You are welcome to explore any of these for the rest of this session: there's plenty to explore here for another week for sure! If you're itching to get started with some astronomy-data, read on below.

### Share your results!

What's the highest accuracy you can get on this problem? Share your best attempt on the [SOSTAT2021 ML leaderboard](https://board.net/p/sostat2021-ml-leaderboard)! How close can you get to the current state-of-the-art results of [99.91%](https://paperswithcode.com/sota/image-classification-on-mnist)?

## A Neural Network for SDSS Photometric Redshifts

Now that you've looked at how to design a neural network for the MNIST data, let's look at some astronomy data:  SDSS photometric redshifts! Getting redshifts for galaxies is both time-consuming and intensive: for far-away galaxies, one might need hours of integration on a spectrograph to get a good enough spectrum redshift estimate. At the same time, large surveys like SDSS and, in the future, LSST, generate *huge* amounts of data of galaxies. However, they only collect *photometric* data: they collect magnitudes in multiple filters. These filters are, in practice, an integral over the multiplication of the underlying spectrum with the filter response. The question is: can we get (good enough) redshifts from these photometric measurements? 
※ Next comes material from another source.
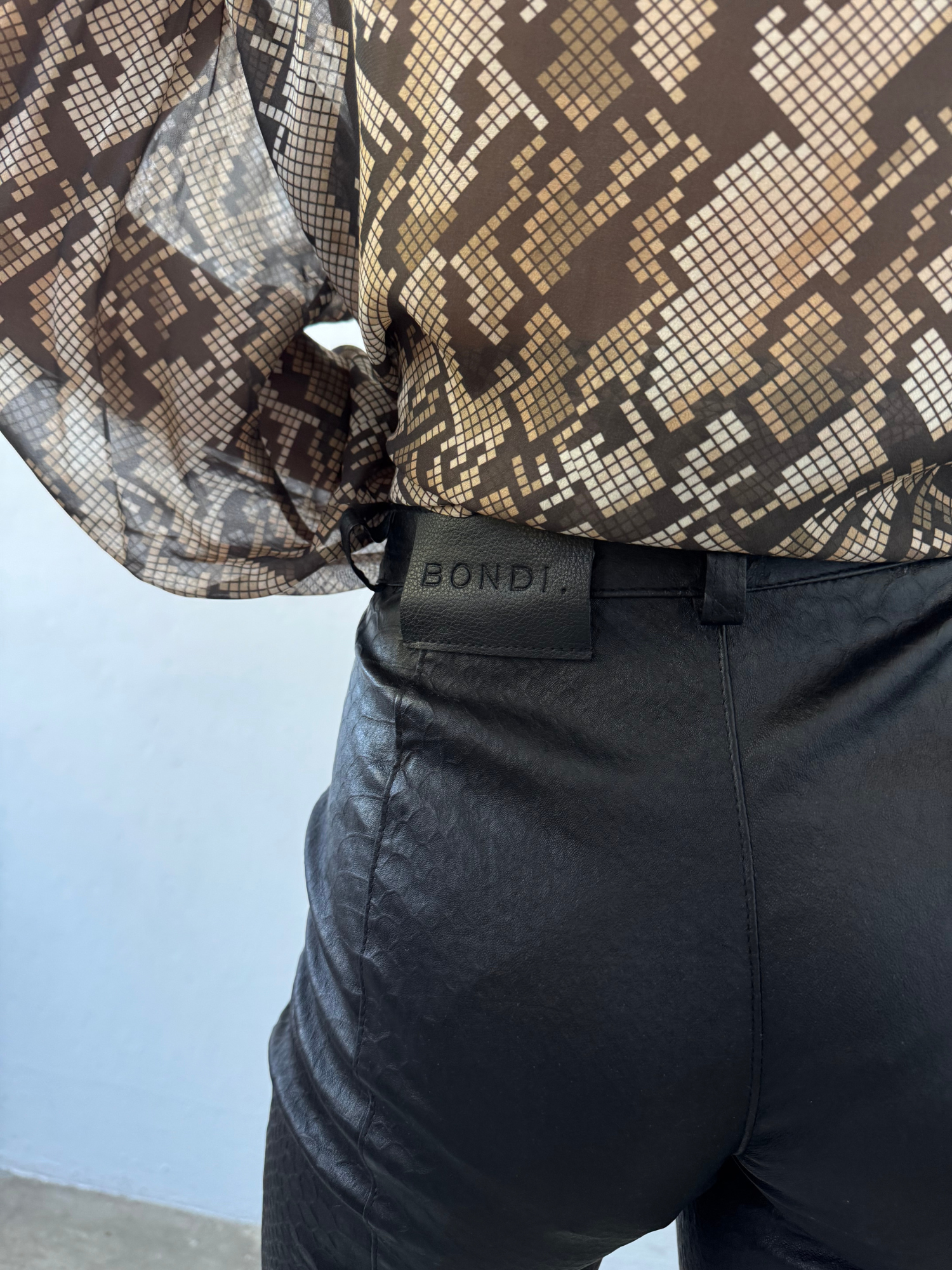 Trousers made of high-quality soft and durable lambskin with a characteristic animal print. For even greater comfort, the material has been specially treated, giving the inside a delicate cotton and elastane lining. The model has a classic waist and narrow, flared legs, finished at the back with decorative pleats. The bold stitching gives the whole piece a modern, rock-inspired character and goes perfectly with both minimalist tops in everyday outfits and jackets, creating an elegant option for more formal occasions.
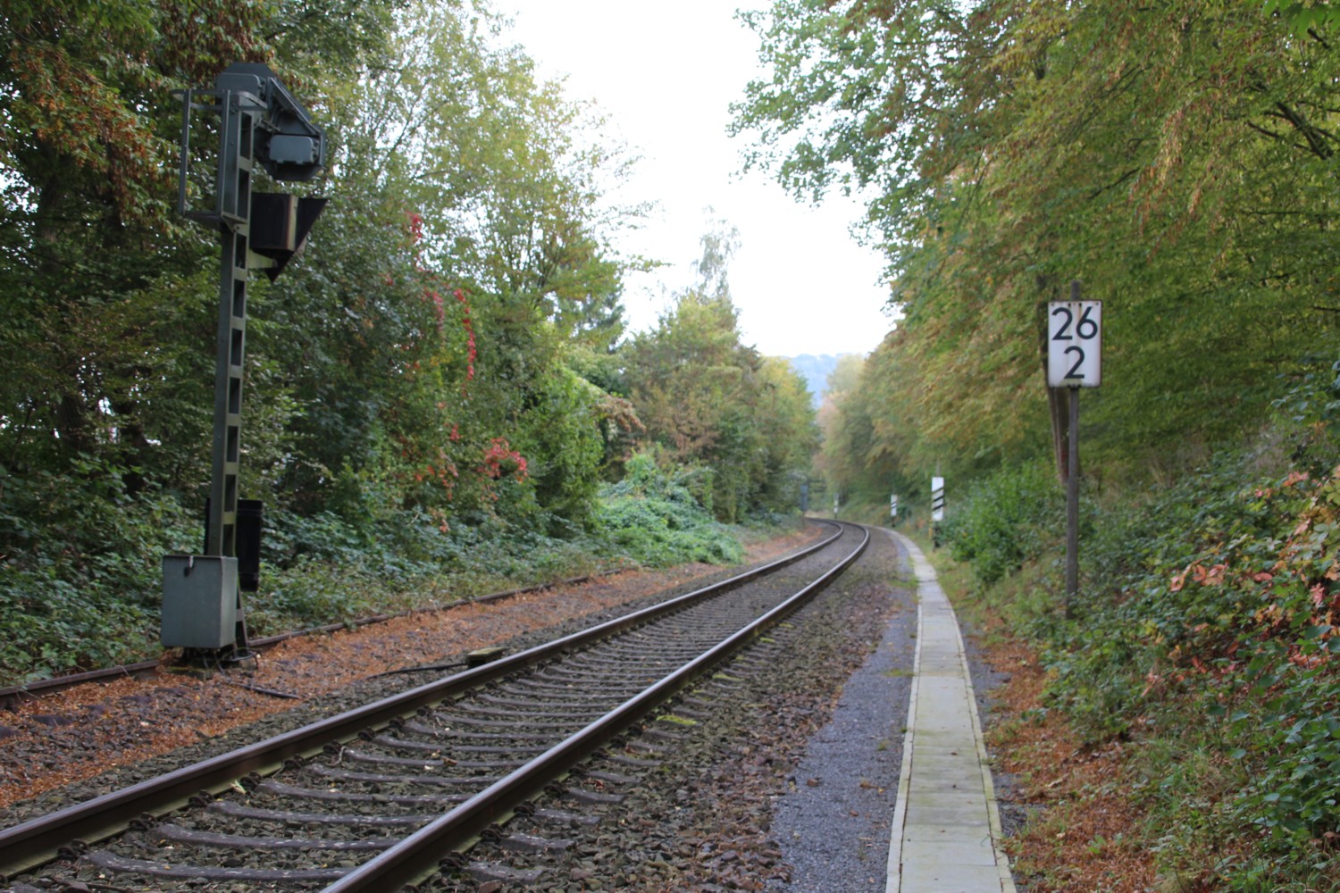 km 26,5 der Strecke Barntrup Kleinbf 0,0 - Rinteln Extertalbf 26,5 (Extertalbahn) | ||

There are different ways to tackle this problem. One is to use *template-matching*. For this, one assumes a physical model for how the combination of stars and other sources in a galaxy generate the emission, and how this emission is redshifted as a function of distance. One can then fit a model that has redshift as a parameter. More complex versions of this type of modelling build sophisticated (Bayesian) statistical models that infer the galaxy properties along with the redshift. There is a strong assumption in this model, though: it assumes that we have a good enough physical model of how the intrinsic emission of galaxies is generated as a function of their evolution that we can generate realistic templates. If the templates are off, our redshifts might also be wrong.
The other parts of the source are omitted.